Monday, July 1, 2013

Away From Keyboard

Living up to the name of my blog, I've been neglecting updating for close to 10 months at this point. I'd like to blame it on how hard classes had been (they were hard) or how stressful finding a job was (it was pretty stressful) but honestly I'm just a lazy bastard. In my defense, though, I have adopted a psychological bug that makes me feel like I'm wasting tons of time if I'm not spending my time interacting with something in Japanese. Unfortunately, that has the unwanted side-effect of making it easy to convince myself to spend all of my off-time interacting with Japanese television shows sitting on my butt instead of doing anything interesting.

Also, in my absence from updates, Blogger seems to have lost a lot of my pictures from earlier posts. I'll see if I can't fix it a bit later.

So, let's see. Here are some things I can recap.

1. End of Yamasa and the JLPT
2. The job search and subsequent job
3. Study plan, future plans

I may split that up over a few posts. Let's see.

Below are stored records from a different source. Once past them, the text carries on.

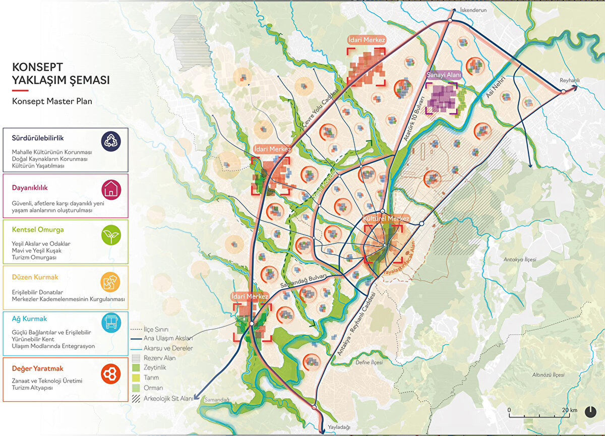 “1920'lerde yapılmış olan Fransız planı izleri temel bir yaklaşım prensibi olarak sürdürülmektedir. Depremin yıkıcı etkisini artıran dere yataklarına yerleşim anlayışı terk edilerek nehir ve su kıyıları yeşil alan olarak ayrılmıştır.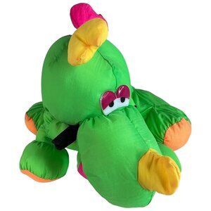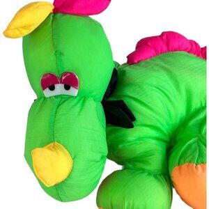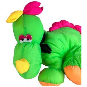 Neon Green Dinosaur Nylon Plush Makes Noise Stuffed Animal Toy Puffalump Style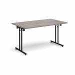 Rectangular folding leg table with black legs and curved foot rails 1400mm x 800mm - Onyx Grey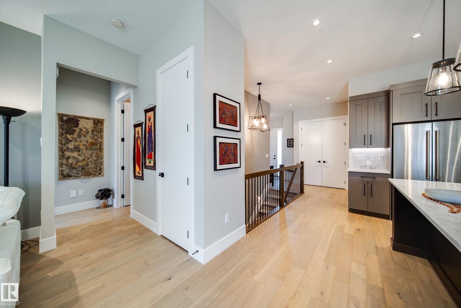 This former SHOW HOME blends high-end design with effortless living in the heart of Keswick. Tucked into a quiet cul-de-sac, this executive half-duplex bungalow offers 2900 sq ft of impeccably finished living space, fully air-conditioned and move-in ready. Soaring 10’ ceilings lead to a dream kitchen with quartz counters, built-in appliances, a prep sink and a butler’s pantry made for entertainers. The open living and dining area is warm and inviting, anchored by a sleek linear fireplace and a private study. The primary suite is a retreat — spa-style ensuite, walk-through closet and direct access to laundry. Downstairs, 9’ ceilings frame a bright rec room with wet bar, 2 bedrooms and a 4 pc bath. Details that matter: maple railing with iron spindles, black exterior windows, custom mudroom built-ins, concrete party wall with Roxul insulation, and a heated dbl garage with floor drain, H/C water, epoxy and lift-ready height. No condo fees, well below new build cost, and barely lived in — pride of ownership!

End of Yamasa and the JLPT

ヤマサでの最後の学期と日本語能力試験

I ended up finishing out my year at Yamasa, finishing (successfully) 201 and 202, stopping short before their 300-level pre-advanced course. Through the end of 202, we finished what we called the blue book, which I feel was a big bunch of really good information. I'm actually a huge fan of that book. In fact, I'm a pretty big fan of all the books we used at Yamasa. After the end of the semester, I bought the 300-level book (the red book) even though I wasn't going to take 300--the idea was that I was going to study the whole book by myself for a year and see where I was after that.

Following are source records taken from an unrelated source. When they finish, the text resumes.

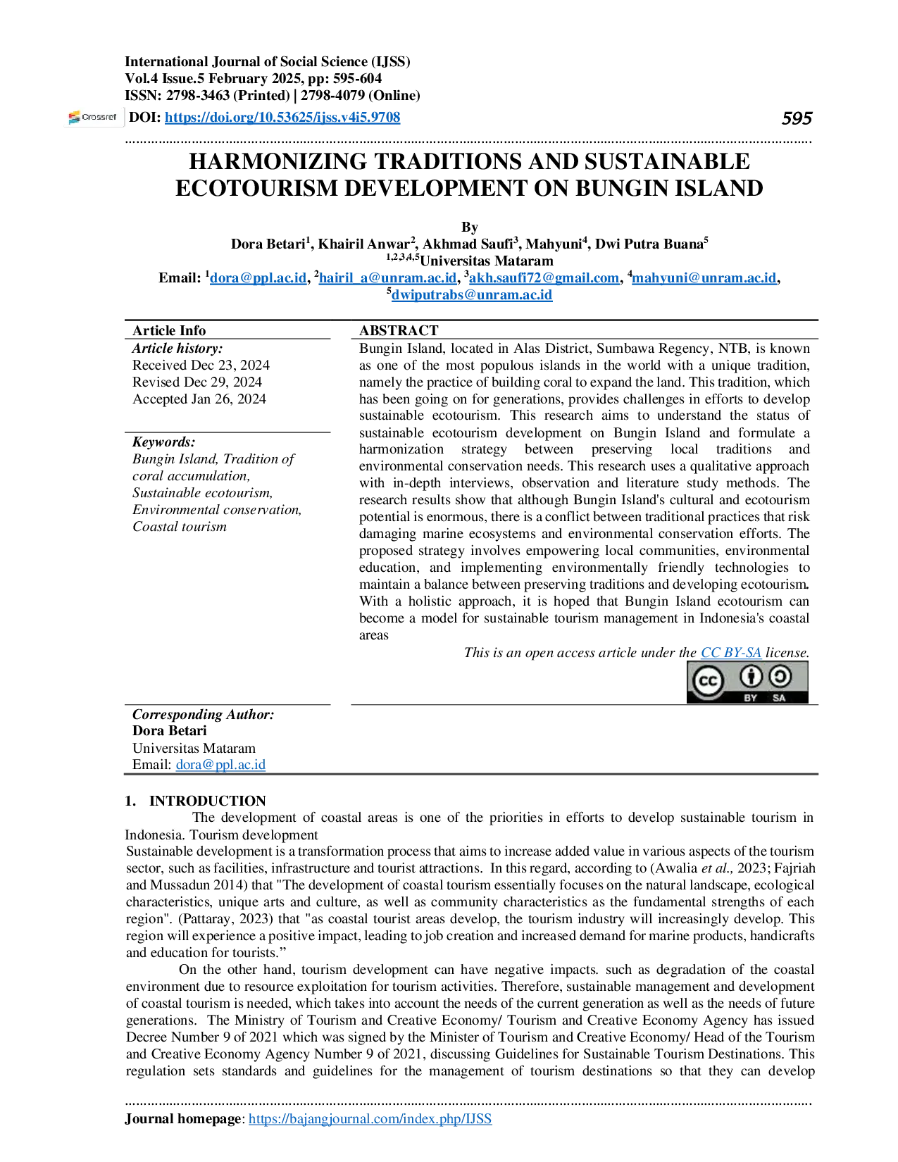 International Journal of Social ScienceInternational Journal of Social ScienceBungin Island, located in Alas District, Sumbawa Regency, NTB, is known as one of the most populous islands in the world with a unique tradition, namely the practice of building coral to expand the land. This tradition, which has been going on for generations, provides challenges in efforts to develop sustainable ecotourism. This research aims to understand the status of sustainable ecotourism development on Bungin Island and formulate a harmonization strategy between preserving traditions and environmental conservation needs. This research uses a qualitative approach with in-depth interviews, observation and literature study methods. The research results show that although Bungin Islands cultural and ecotourism potential is enormous, there is a conflict between traditional practices that risk damaging marine ecosystems and environmental conservation efforts. The proposed strategy involves empowering local communities, environmental education, and implementing environmentally friendly technologies to maintain a balance between preserving traditions and developing ecotourism. With a holistic approach, it is hoped that Bungin Island ecotourism can become a model for sustainable tourism management in Indonesias coastal areas.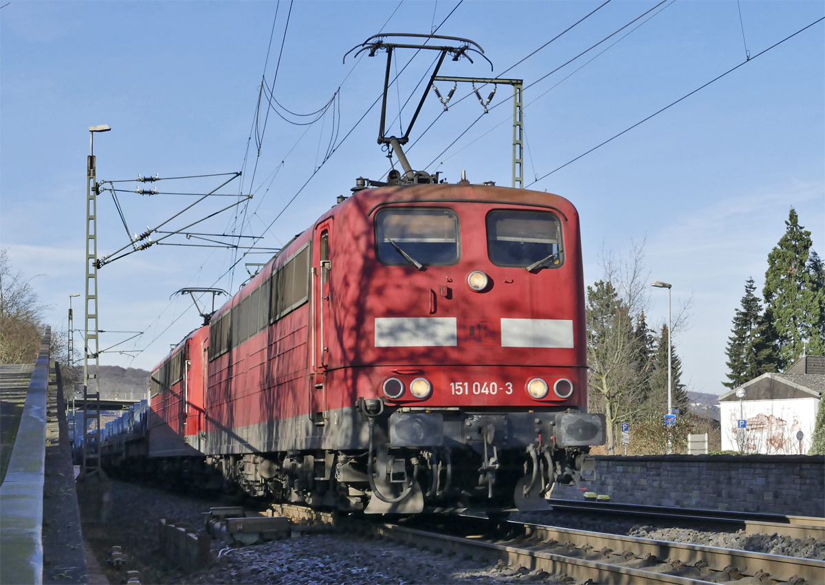 485 017-8 von BLS kommt mit dem Cargobeamer-KLV-Zug aus Domodossola(CH) nach Kaldenkirchen(D) und kommt aus Richtung Koblenz und fährt durch Rolandseck in Richtung Bonn,Köln.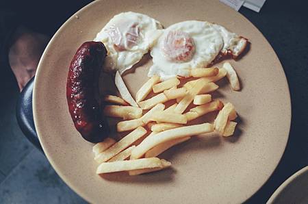 朝聖路上的第一次午餐:Chorizo、荷包蛋、薯條。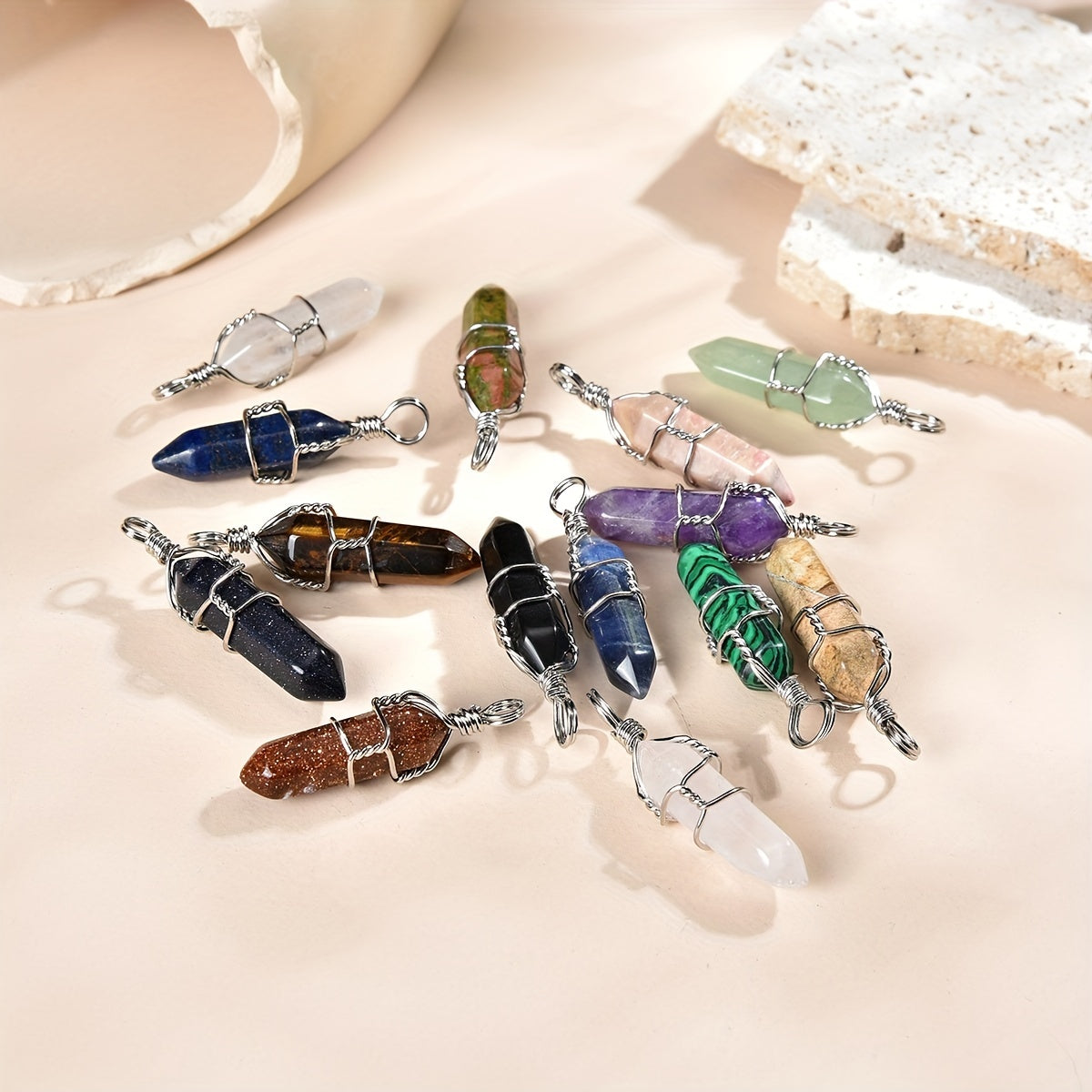 This single stone pendant features rich colors and varieties, making it a unique addition to your collection. The hexagonal column shape adds an elegant touch to any outfit.

My views on Japanese study, and maybe language study in general, have been rapidly evolving in every direction over the past year, so it's difficult to articulate where I stand on the subject. The red book, while still as excellent as the blue book, contains lots and lots of language that you don't really see on a regular basis. Lots of grammar constructions that you'll only find in books, lots of vocabulary that you'll only hear in formal press conferences, and so on. This sort of language is incredibly useful and necessary if you ever want to consider yourself fluent in any language, but at the same time...

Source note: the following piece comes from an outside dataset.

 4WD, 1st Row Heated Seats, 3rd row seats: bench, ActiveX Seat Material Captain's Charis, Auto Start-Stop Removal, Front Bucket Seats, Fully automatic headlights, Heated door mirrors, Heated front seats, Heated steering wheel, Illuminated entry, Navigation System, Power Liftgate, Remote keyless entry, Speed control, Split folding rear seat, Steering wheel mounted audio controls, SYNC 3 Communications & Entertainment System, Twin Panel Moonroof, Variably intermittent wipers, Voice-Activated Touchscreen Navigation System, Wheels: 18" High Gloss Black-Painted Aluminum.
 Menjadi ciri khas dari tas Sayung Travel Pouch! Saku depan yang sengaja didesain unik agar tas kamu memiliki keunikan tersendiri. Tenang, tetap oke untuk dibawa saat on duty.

I don't know, I feel like maybe the longest period of time anyone should ever take language classes is a full year. At this point I feel like my reading ability and kanji knowledge is so far ahead of my actually conversational fluency in the language that it's actually starting to become a hindrance. Any time I want to talk to someone in Japanese my brain tries to construct these elaborate literary sentences that just don't hold up in the real world. They're cumbersome to say and make you sound like a pompous jerk.

Meanwhile, I've met people who are more fluent than I am in Japanese who learned it from talking to people in bars, having Japanese girlfriends, or other random things. To be fair, they've been here tons more time than I have, and most people who learn like that end up being functionally illiterate in the language, but I can't help but be a little jealous. The classroom setting is fantastic for putting grammar points into your head but I guess the thing I've realized is that no classroom in the world is going to get you the everyday conversational practice that you're going to need.

I feel something similar about the N2. I took it last time around and ended up failing it by a few points in every category. I bet I could pass it now after another semester and a bunch of self-study, and yeah, maybe it's useful enough on a CV to have. But I don't really put any stock in it at all, and that's not because I failed it. It seems like the JLPT measures how well you know the language academically, but  you can pass N2 without being able to hold a conversation with actual people, so I don't think I'm gonna judge myself by it.

So am I going to return to Yamasa? I was sure I was going to when I was giving my graduation speech. Now? I don't know. I feel like maybe I've reached a point in the language where the most effective thing to do would be to just actively consume as much Japanese as humanly possible. For the time being, though, I have at least another year to go in this country so we'll see.

I'll update in a few days with more information about my current job and future plans and whatnot.